Technology
Can Fisker Ocean deliver on its vision of a cheap Tesla alternative?
If the Tesla Model 3 trajectory is any indicator, Fisker Ocean reservation holders will need to give the dream of a $37,499 electric SUV (complete with all the bells and whistles) a few more years.
Before the Model 3 successfully made it to more than 220,000 owners last year, Tesla struggled to hit even 2,000 cars produced a week by mid-2018. Remember CEO Elon Musk’s production hell? Building the car at scale and offering one of the first “affordable” all-electric cars took years. That car was originally announced in 2016. Talk about a long wait.
Now, there’s another hot EV from a small, U.S.-based carmaker on the scene, promising similar electric wonders without the bloated costs — and as soon as 2022: the Fisker Ocean. Reservations for this all-electric SUV doubled in the past week and currently number in the thousands in regions across North America and Europe.

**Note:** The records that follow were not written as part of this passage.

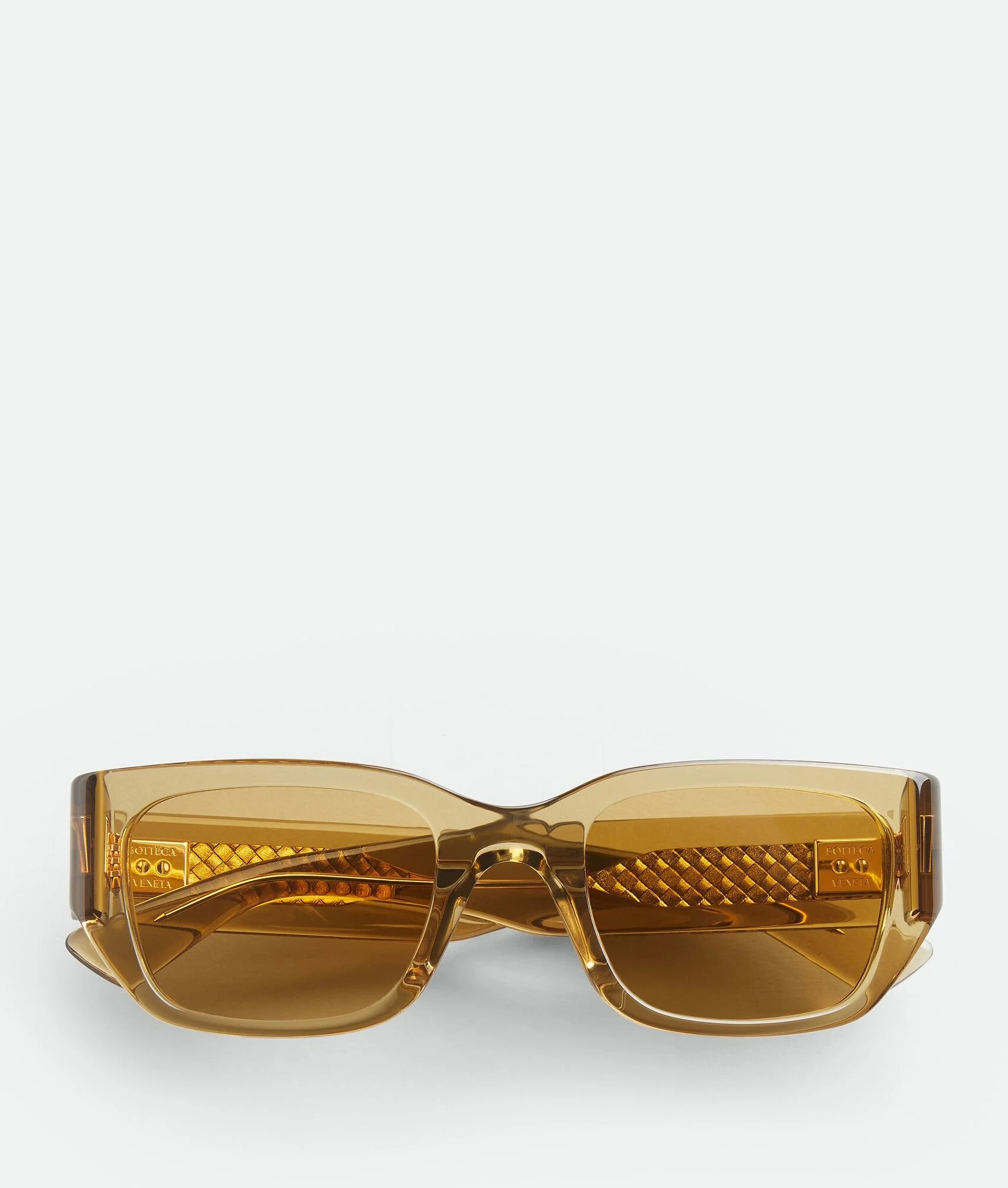 Product Details - Square sunglasses made with Eastman Acetate Renew, an acetate with 27% recycled content - Frame features a gold-finished core wire with a signature Intrecciato pattern - Gold-finished detailing at the temples recalling the Intrecciato weave - Lenses made from polyamide with 39% bio-based content - Lens width: 51 mm | 2"; Bridge length: 22 mm | 0.9"; Temple length: 140 mm | 5.5" - BV1400S 004 - Color: Yellow/Brown - Made in: Japan - Product code: 841186V2Q307410 Material - Material: Recycled acetate
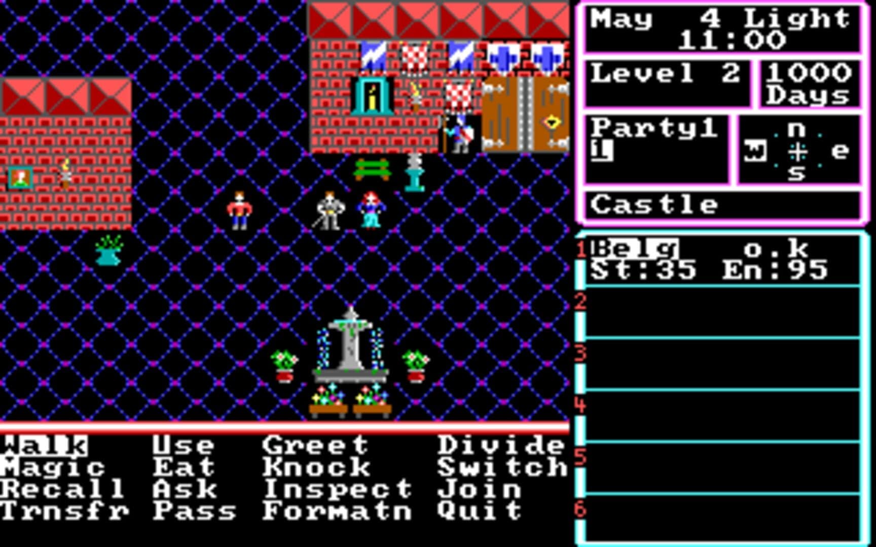 The Magic Candle is best described as an Ultima clone. Its a top-down party-driven RPG. The plot revolves around you (Lukas) and your party of intrepid adventurers, whose task it is to seal the demon Dreax within the Magic Candle (which is burning down, and when it does, he gets released). The game has 3 difficulty levels (changing the number of 'days' you get to complete the game in.) A lot of travelling, dungeon-crawling, town-exploring, and especially, lots of conversing with NPCs.
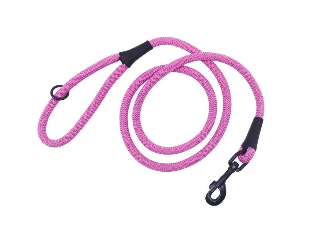 Lanové vodítko KLASICKÉ s černým kováním a kůží růžové, 2 velikosti
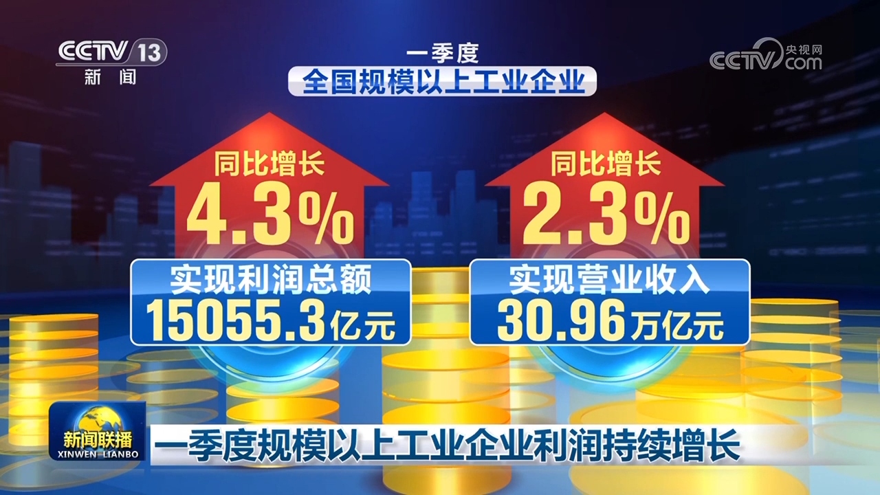 一季度,全國規模以上工業企業實現利潤總額15055.3億元,同比增長4.3%,實現營業收入30.96萬億元,同比增長2.3%,工業企業利潤保持增長,工業企業營收繼續恢復。
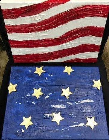 Art | Liberty Diptych Stars and Stripes, Original Mixed Media on Canvas, 12 by 18 inches

The excitement bubbled up at CES where the Fisker Ocean made its debut with an impressive (and sustainability-focused) vehicle promising a comfortable, spacious, battery-powered ride for under $40,000. But the devil’s in the details: Fisker’s been mum on where the car will be made and where the batteries that give the car its 250- to 300-mile range are coming from.
That pesky battery, which is the lifeblood of an electric vehicle, could get in the way. William Crockett, a VP at electronics materials company Tanaka Precious Metals, is wary about securing a battery supply so quickly and for so many vehicles. “You can probably count on one or two hands the viable battery guys out there,” he said on a recent phone call.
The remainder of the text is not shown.